* **Instructions to follow**
Among the entries below, only the lines from the one with "A 39. 추후에 개발예정입니다. 현재는 불사소싱기를 활용하여 수집만 가능합니다" through the one with "硅基流动的API(支持Dee" are wanted, reproduced exactly. Pictures are not wanted.

* **Supplied entries**
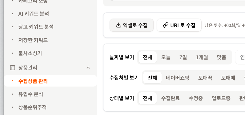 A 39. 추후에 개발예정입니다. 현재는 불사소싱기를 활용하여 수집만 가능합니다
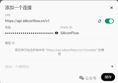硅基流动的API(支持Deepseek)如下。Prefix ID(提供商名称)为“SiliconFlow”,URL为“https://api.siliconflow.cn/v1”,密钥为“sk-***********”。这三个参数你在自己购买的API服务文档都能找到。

--

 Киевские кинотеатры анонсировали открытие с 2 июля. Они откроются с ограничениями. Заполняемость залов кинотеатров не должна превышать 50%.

---

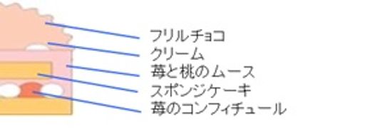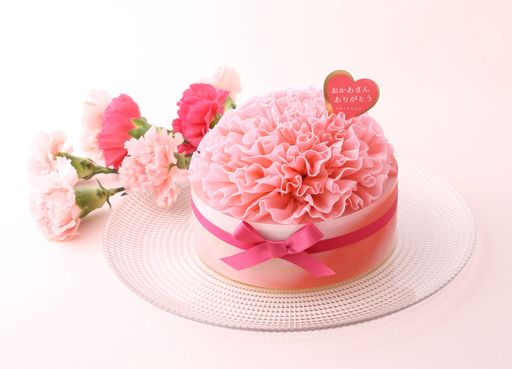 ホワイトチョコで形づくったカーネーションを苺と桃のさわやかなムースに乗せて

* **Task solution**
 A 39. 추후에 개발예정입니다. 현재는 불사소싱기를 활용하여 수집만 가능합니다
硅基流动的API(支持Deepseek)如下。Prefix ID(提供商名称)为“SiliconFlow”,URL为“https://api.siliconflow.cn/v1”,密钥为“sk-***********”。这三个参数你在自己购买的API服务文档都能找到。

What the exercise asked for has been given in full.